I will leave a blog about myself till tomorrow, tonight I’m going to write about what everyone has been discussing in sport the last few days…..the interview….and give my take on things.
I learnt, when I was a child, that what my friend did, did not mean that I should do it, or even that what he did, meant that my other friends also did it. Often I would hear the phrase “so if he jumped off a cliff, would you do that too?!”
I watched the Lance Armstrong “interview” today, all the way, both episodes. I guess I was never truly convinced he was clean, having heard stories about cycling in the 90s and such, but I was also never convinced he was dirty either….I was happy being in limbo, just like ‘Schrodinger’s Cat’, saying “hey, he’s just awesome at what he does. If everyone does drugs, then he is simply the best person who does drugs in cycling, and competes”.
There is no doubt in my mind, that the hours and hours AND HOURS of training that the machine who is L.A. did, made him the winner he was, not just the drugs. In fact, how do we know how much benefit the drugs actually did for him? This is something we will never know. I know there are research papers out there (having done a lot of reading articles and journals recently) that will be able to state how much benefit people have doing drugs in sport, but every man/woman is different, and each body will react differently to what is put in them.
The fact that he was a bully, an intimidator, and as the program described “a jerk”, only made me sad. This is a fellow human who felt the need to attack others in order to defend himself. I pity him, and I pity those close to him who had to deal with that animal during his heyday, and who couldn’t stand up to him, and say NO. I know there were some who tried, but if people constantly tried from close in, more could have been found out at an earlier date.
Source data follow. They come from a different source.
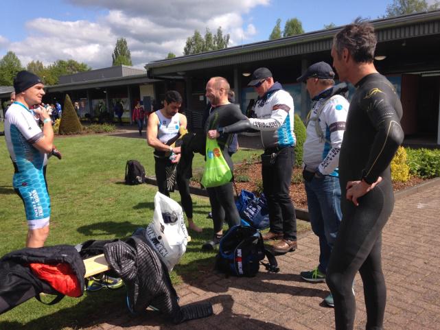 Aufgrund der Witterung war das Tragen eines Neoprenanzugs beim Schwimmen erlaubt und kurzfristig hatten die veranstaltenden Wasserfreunde Fulda noch ein Umkleidezelt in der Wechselzone aufgebaut. So zwängten sich dann unsere Starter in die Chlorbutadien-Kautschuk-Ganzkörperhülle |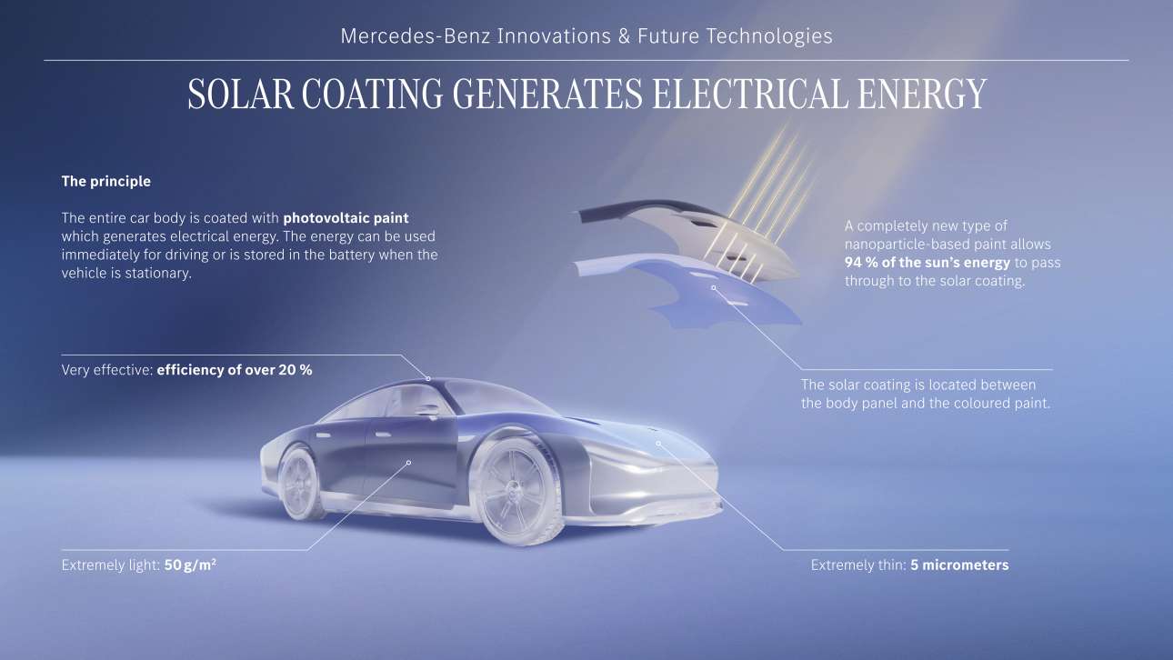 Σε κάθε περίπτωση, η νέα τεχνολογία (Solar Coating) είναι με τη μορφή μιας ειδικής πάστας, λεπτότερης από μία τρίχα, που τοποθετείται σε όλα τα μέρη του αμαξώματος και αποθηκεύει την ηλιακή ακτινοβολία. Το σύστημα λειτουργεί ακόμα κι όταν το αυτοκίνητο είναι παρκαρισμένο, δηλαδή κατά τον μεγαλύτερο χρόνο ζωής του. Επίσης, όπως σημειώνει ο Ρόμπερτ Χόι, καθηγητής Ανόργανης Χημείας στο Πανεπιστήμιο της Οξφόρδης, «η τεχνολογία ευνοείται πλέον από νέους ημιαγωγούς που μπορούν να απορροφούν περισσότερη ενέργεια απ’ ό,τι η κλασική σιλικόνη που χρησιμοποιείται στα περισσότερα ηλιακά πάνελ. Κάτι τέτοιο σημαίνει πως απαιτούνται λιγότερα υλικά».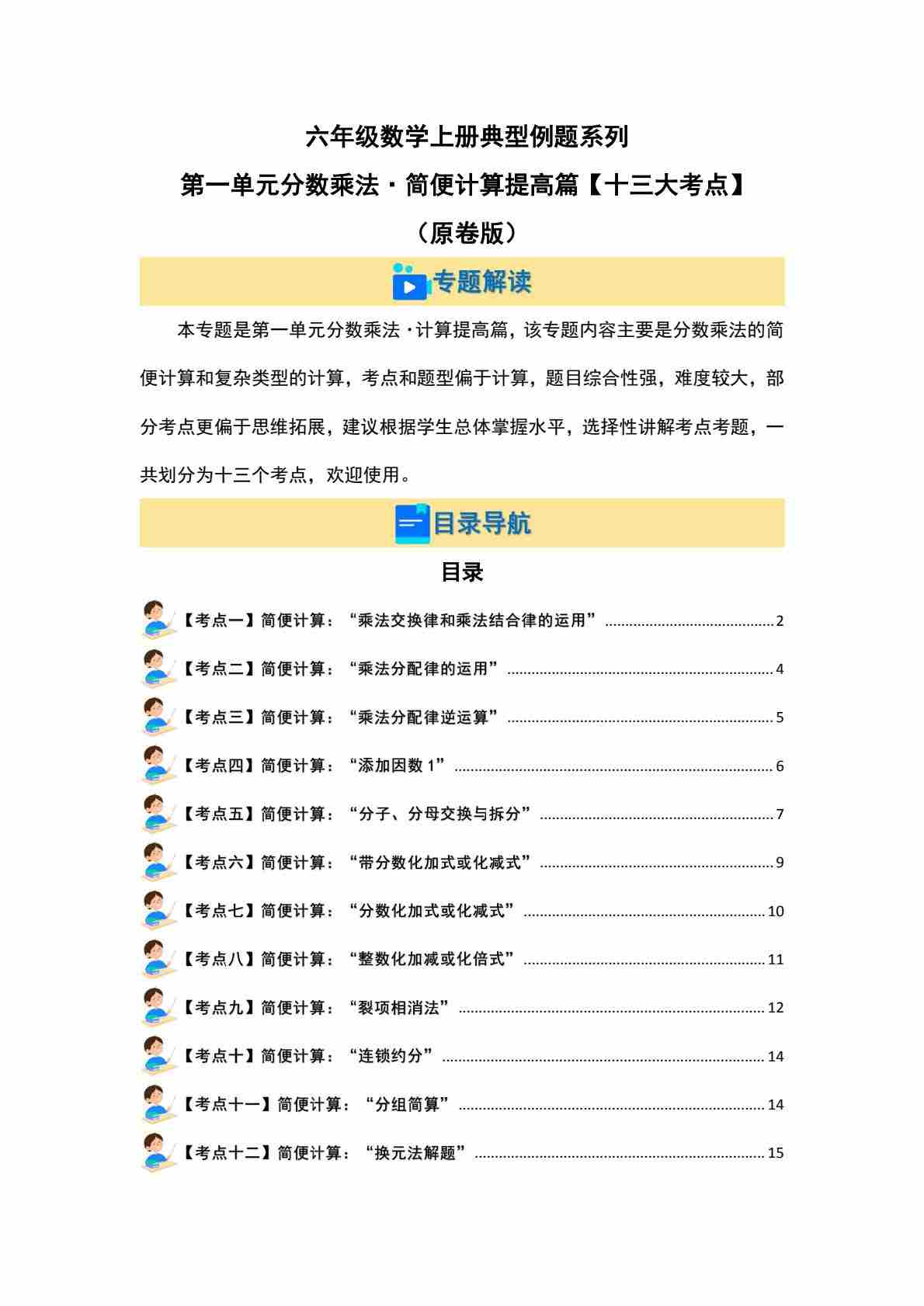 首页 > 全部 > 专项练习 > 六上人教版数学【第一单元分数乘法·计算提高篇(十三大考点)典型例题系列(原卷版)】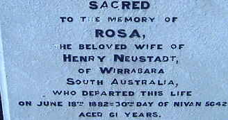 Below are SOME of the headstones of the Jewish Cemetery. In an attempt to save as much space as possible and increase the speed of downloading, only part of the stone is displayed. Flinders Ranges Research has a full photograph of each of these, and many others as well.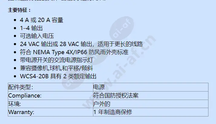 Pelco WCS4-20B 室外多摄像机电源 20 安培 4 输出断路器 WCS 系列电源提供多种配置,可通过单个电源为最多四个室外设备供电。电源为 1–4 台设备提供 24 VAC 输出,取决于所选型号。补偿长距离线路的电压损失,所有型号均提供 28 VAC 输出。所有型号的输入电压也是可选的。适用于 Spectra® 和 Esprit® 等集成系统,电源能够处理平移/倾斜,加热器,除了摄像机之外,还有鼓风机操作。 WCS1-4 具有一个带保险丝的输出,能够处理高达 4 A (100 VA) 的总负载。 WCS4-20 具有四个带保险丝的输出,能够处理高达 20 A (480 VA) 的总负载。 WCS4-20B 具有四个带自复位断路器的受保护输出,能够处理高达 12 A (288 VA) 的总负载。保险丝为设备提供更大程度的保护,因为它们动作更快且更精确。当故障排除后,断路器将自动复位,无需更换保险丝。然而,使断路器跳闸所需的电流量可能变化高达 100%,取决于温度。在融合模型中,保险丝的值可以根据所连接设备的具体电流要求进行更改。 主要特征: 4 A 或 20 A 容量 1–4 输出 可选输入电压 24 VAC 输出或 28 VAC 输出,适用于更长的线路 符合 NEMA Type 4X/IP66 防风雨外壳标准 带电源开关的交流电源指示灯 兼容摄像机,球机,和平移/倾斜 WCS4-20B 具有 2 类额定输出 配件类型: 电源 Compliance: 符合国防授权法案 Environmental: 户外的 Warranty: 1 年制造商保修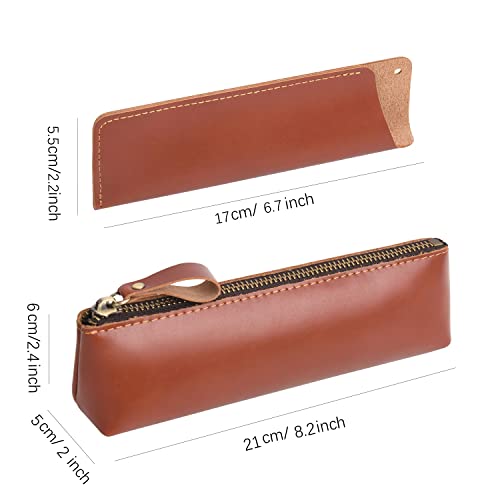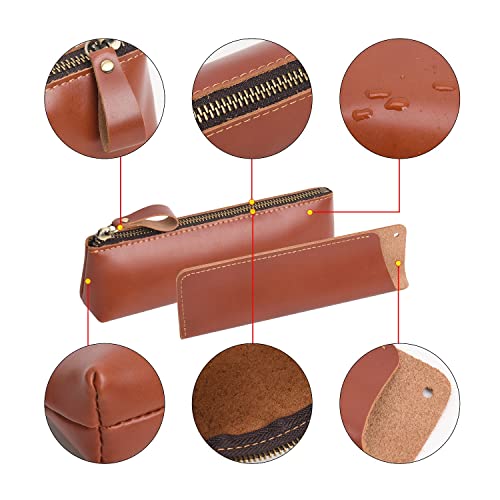 Wonderpool 1 astuccio e 1 Portapenne in Pelle - sacchetti di cancelleria per pennarelli portatili compatti chiusura capiente per organizer da viaggio per ufficio scolastico (Rossastro)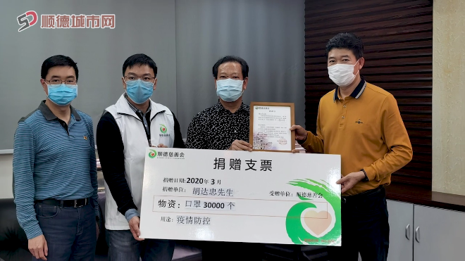 胡达忠先生作为勒流儿女中的一份子,一直情系家乡疫情防控工作。疫情期间,他多次往返顺德捐赠物资,彰显大爱,此次更以个人名义向顺德慈善会捐赠口罩30,000个(价值90,000元)驰援家乡。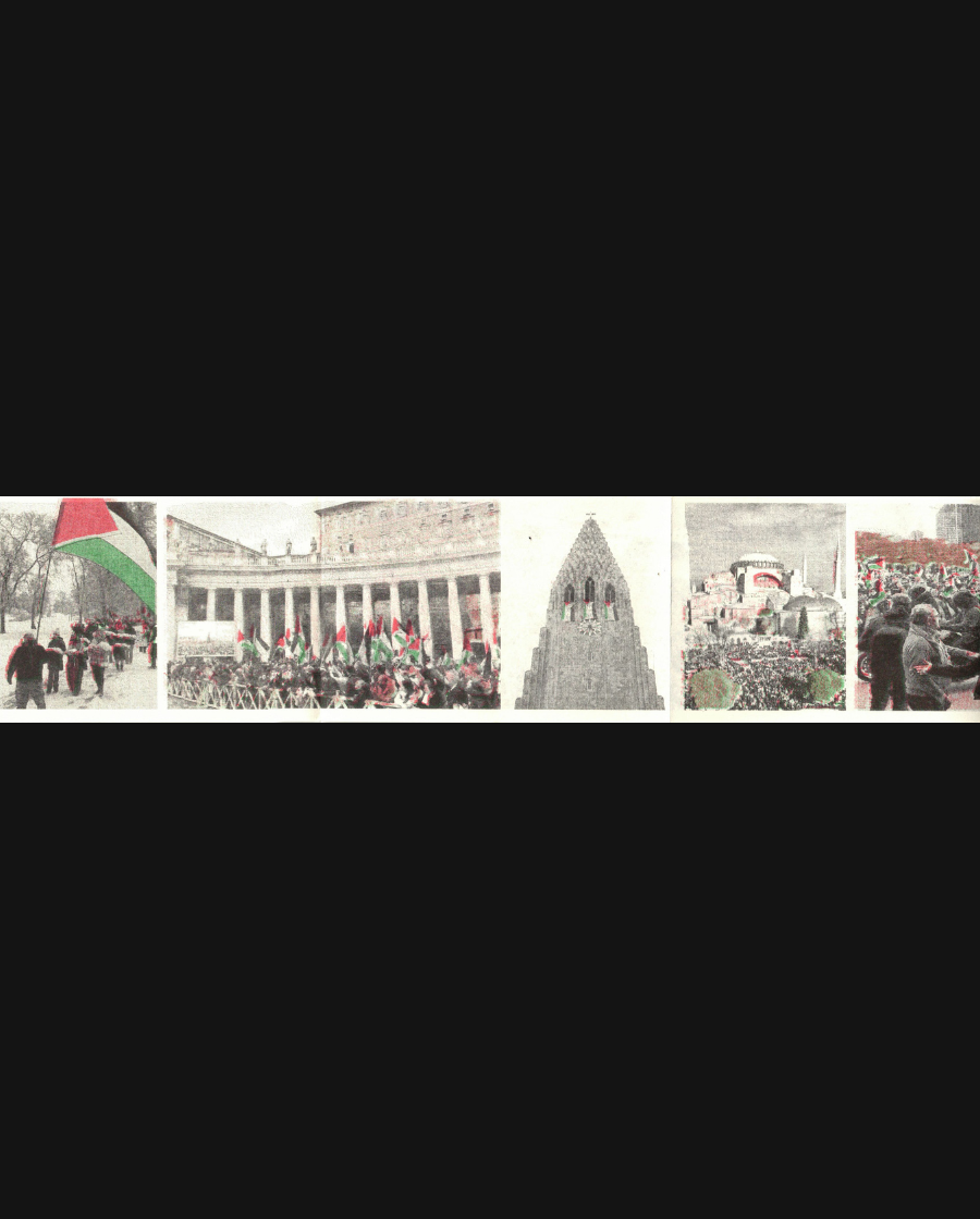 A foldout printed publication with different scenes of solidarity for Palestine, across the world.

What also came to my mind was that he was so insecure in himself, that he felt his only way to succeed was to take drugs. How often have I trained and competed, and felt sooooo bad, that I wondered what I was actually doing? Did I have a right to be on the same piece of tarmac, grass or track as these other athletes? Was I wasting my time? Was I a joke? Should I just pack it all in? I can safely say, not once have I been in the position, or state of mind, where I felt my way out was to take drugs. I had a “friend”, more like an acquaintance, who I did some training with while I stayed in America, who was done for drugs last year. It blew my mind. Here was a guy I was friendly with, and chatted to, and ran with, and now he’s a cheat! The problem that was documented with him was that he had been injured, and wasn’t getting any races, meaning his income was low, and he just needed to get fit as quick as he could to be able to survive…. I knew he had been depressed about his running, because he hadn’t been as fit as he wanted after some horrific injuries, and he had considered quitting because he just didn’t enjoy it anymore. But when running is your life, and it’s how you make a living, I guess anything in your mind can be made to look like a viable option. But the fact that I was friendly with this person, did runs with him, did a couple of sessions with him, does this mean that I too do drugs?? I’ll let you draw your own conclusions on that one.
Anyway, the point I’m putting across is, yes, L.A. did drugs, and yes, he acted like a complete jerk these last years while denying everything that people said about him, but he is one man. I have read articles from the likes of Mark Cavendish, saying how damaging this is for cycling, and that everyone should not be tarred with the same brush. The funny thing is, I don’t – and any athletes out there will say the same thing. I believe that all athletes are different, and because one does something, it doesn’t constitute my right to say “everyone does that”. The analogy I will use is ‘meet John, he’s my best mate, and we do everything together. He smokes by the way’. Do you now think that I smoke too, because smoking is a contagious thing, and peer pressure is what usually starts people on that road. I don’t, and it’s because I choose not to, and I know it’s a bad thing.
This is what you need to believe with athletes, we are not all “win at all costs”, and therefore because someone does drugs does not mean that everyone does. If you are in doubt about cycling, don’t be. All sports are cleaner than they have ever been, and the cheaters are slowly getting weeded out. It’s the same with running – the cheats are, and will be, getting caught.
But the same goes for the Cavendishs out there – the athletes who fear nobody will believe they are clean – not everybody thinks that sport is “all” drugs, so don’t tar them with the same brush either.
There are millions of people out there who love sport for what it is; a spectacle, to take our minds away from a mundane life, and give us that bit of excitement to watch, letting us marvel at how great the human body can be when it is trained to exceptional levels. So don’t fret about what has been done by others, concentrate on only what you can do, and win clean.